I just read the NAUI freediving book and they mentioned specific numbers of times that you can decend in a single day to specific depths fo rspecified amounts of bottom times- not quite sure if I trust the NAUI guidelines.

Keeping properly hydrated and resonably warm can also play important roles.

PFO test are done in tech diving, I wonder if anyone has start to usetilize them in freediving?

Jon
 
I have noticed a sleepy feeling after deep dives, especially multiple deep dives.

I know the rule about double the dive time to get the surface interval, but surely it cannot hold for deeper dives. I once got the sleepy feeling after I did two dives to 71m (around 2'20 - 2'30), with 12 minutes in between. I actually wanted to make the 2nd dive after 8 minutes, but I thought I should delay it in case of DCS. I checked a scuba model later and found that I was probably right on the edge of DCS, so I probably got non-clinical DCS (and sleepy). Same thing might have happened to Martin; could it also be a residual narcosis effect?

I had the same problem in Summer 2002 when I started doing training for long hangs at 20m-30m. We started doing hangs at 30m, but the hang times became so long that we were afraid of DCS, so we dropped it to 20m; but that famous first experiment on freediving DCS was done in 20m, so even then it can happen. I would really like to know what the interval needs to be. For example, 20m 4'30, 9 minute rest, 20m 4'30, 9 minute rest... etc... is this enough? Or what about 30m 4'00, 8 minute rest, 30m 4'00, 8 minute rest... or 37m 3'45, 7'30 rest, 37m 3'45, 7'30 rest etc...

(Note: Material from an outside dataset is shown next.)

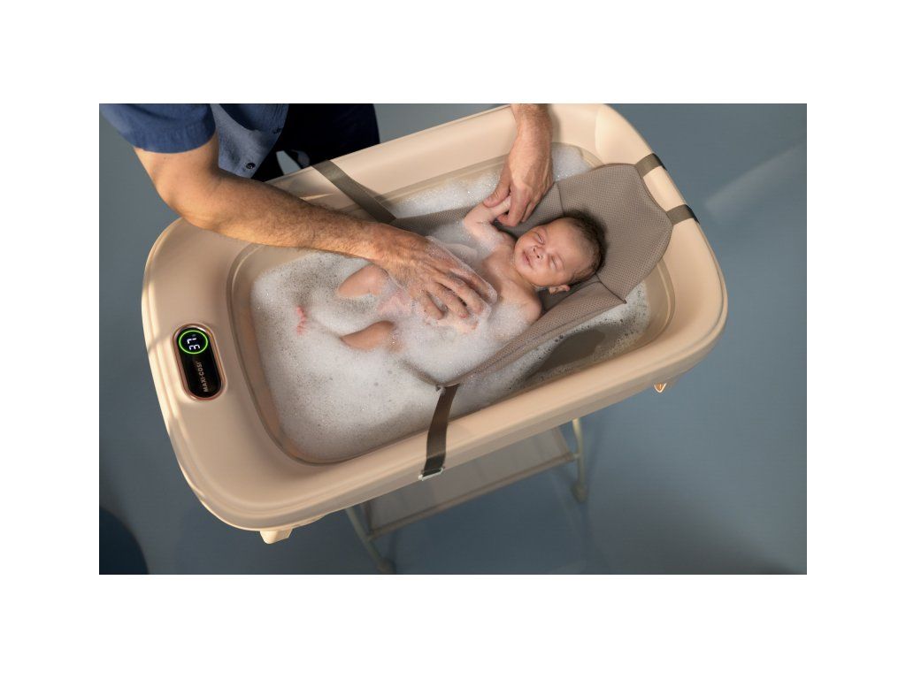 Skládací vanička Maxi-Cosi Indigo Plus je chytrá vanička, která zvládne koupání vašeho dítěte od narození až do 4 let. Vyniká komfortem pro novorozence, přesným hlídáním teploty a skladností – po koupání ji jednoduše složíte naplocho a uklidíte. Pro miminko i batole – bez dokupování dalších řešení Součástí vaničky je vyjímatelná novorozenecká vložka QuickDry, která miminko stabilně podpírá vleže. Jakmile dítě zvládne sedět, vložku jednoduše odejmete a vanička dál slouží jako prostorná vana pro batole. Teplota pod kontrolou Integrovaný teploměr HighSense měří teplotu u dna vaničky, kde bývá voda nejteplejší. Praktický je i barevný indikátor: modrá = studená červená = horká zelená = ideální 35–38 °C Stabilní a pohodlná Vanička má měkkou silikonovou podložku s protiskluzem, aby dítě během koupání neklouzalo. Stabilitu zajišťují protiskluzové prvky na nohách. Rychlé použití, rychlý úklid Indigo Plus má skládací konstrukci s výsuvnými nohami – připravená je během chvilky a po koupání ji snadno složíte. Vodu vypustíte přes velký výpustný otvor a vaničku můžete pověsit za integrovaný háček, aby rychle uschla. Hlavní výhody použití od narození do 4 let vyjímatelná novorozenecká vložka QuickDry integrovaný teploměr HighSense + barevný indikátor bezpečné teploty protiskluzová měkká podložka stabilní nohy s protiskluzem skládání naplocho pro snadné skladování velký výpustný otvor pro rychlé vypuštění vody integrovaný háček na zavěšení a sušení hladké materiály pro snadné čištění moderní design do koupelny Rozměry (d × š × v): 86 × 51 × 24 cm Vhodné pro děti od narození do 4 let.Doplňkové parametry

I'd rather be safe than sorry. If anyone knows the surface interval needed please come forward.


Eric Fattah
BC, Canada
 
What about getting your own doppler bubble detector and start to put together some of your data into your own personal table?

I know that Wings Stock, a California tech instructor, had his own doppler unit about 10 years ago that he used after his deep dives to adjust his deco programs- at least that was the story he told me.

I am sure that you could find, or make, one to do the same tests on yourself.

Actually, it might be neat to get DAN involved and have them attend one of Kirk's, or other's, clinics and take data after a morning of diving. I know that they have done this in the recreational scuba arena.

What kind of surface intervals are Tanya, Loic, Pipin, Umberto and others using on their sled dives?